The woman ignored him as she cut the other hand free.

"No," Sheridan protested. "I'm here to get the help I need to—to become a productive citizen—I'm sorry— apologize to Earth and—my— my family-- "

That was coming out all wrong. Sheridan had started trying to explain about the loribond command, and it came out sounding like a Clarkist-style show-trial confession. The formula was too close to the surface of his mind, the associations brought up by being here on Mars, like this.

Wait, maybe he could use that. Let the style carry him along. "Wrong— to attack the Earth President—help me—get the help I need—"

There, it was almost out! He had almost managed to say it!

The woman finished cutting him free and the Ranger helped him to his feet. "Let's get you out of here, sir."

His sense of triumph vanished as he realized who he had said it to. That was all going out on ISN.

The Ranger hustled him out of the office, got him into a staircase and locked it behind them, sealing out the protestors and reporters. "They can take the elevator," he said. "It's just up one level to parking garage, we can commandeer a transport. Are you alright, sir?"

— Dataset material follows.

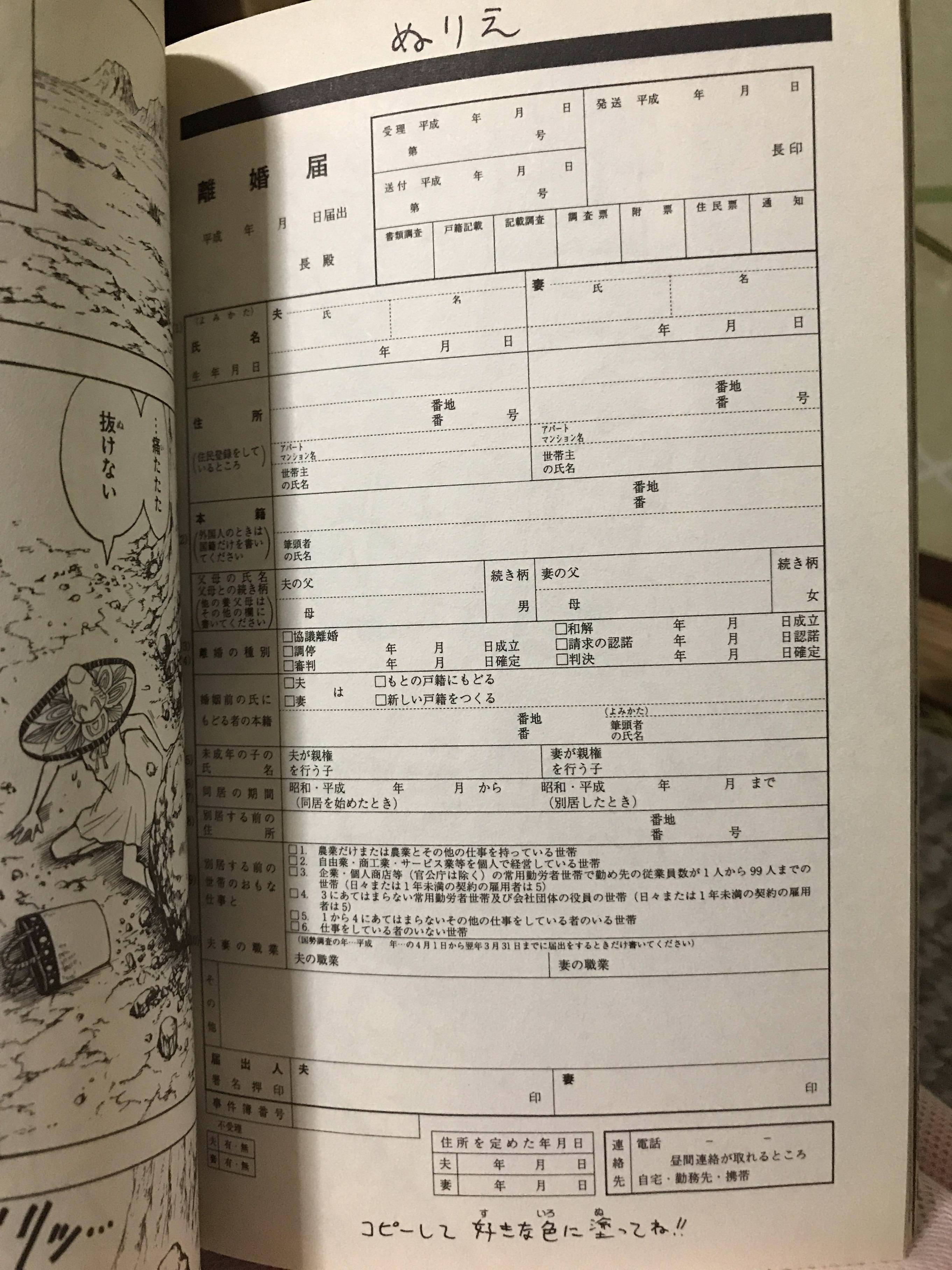 >意味も何も離婚届を塗り絵と表するって言うユーモアやろ

"Fine, fine. Did you lead the attack on the building?"

"No, sir, that was the alien."

"What alien?"

"I'm not sure, sir, I've never seen his kind before. He's not an Alliance race, I'm sure of that. We study them all in Anla'shok training."

They got into a groundcar, which the Ranger hotwired. He ran the engine loudly and headed for the exit of the garage, but a big track-wheeled garbage truck ground across the exit.

The Ranger started to turn around, but the garbage truck driver shot out the groundcar's tire. "Cor! Stay where you are!"

Then someone in a cloak and hood opened the door and got in beside Sheridan. "Drive. That way."

"The tire—" said the human Ranger.

"The groundcar will still move, do you care if you ruin it?"

The Ranger drove in the indicated direction. It was not a marked exit, but an orange plastic fence across a construction zone. He flattened it, and the groundcar stuck.

"Out. Come on, the Drakh will kill us both." The hooded man led the way down an alley, around the riot, and out into a relatively quiet street. He pulled down his hood.

"Lennier!" shouted Sheridan.

"Loridano."

"Oh, thank God." Sheridan sagged to his knees in the street.

"I apologize profoundly," Lennier said. "The Drakh—never mind. It's not important what tricks and threats they used."

"It's over. It's over," Sheridan said.

"You still have to get out of here," Lennier said. "The Drakh aren't even after you, they're here for me. I got away from them. But now they've seen you. You have to leave."

"He's right," said the Ranger. "Come on, sir."

Sheridan stood up. He looked Lennier in the eye, and seemed about to say something. But then they heard the crowd scream a block away. Sheridan took off running, the human Ranger right behind him. Lennier ran the other way.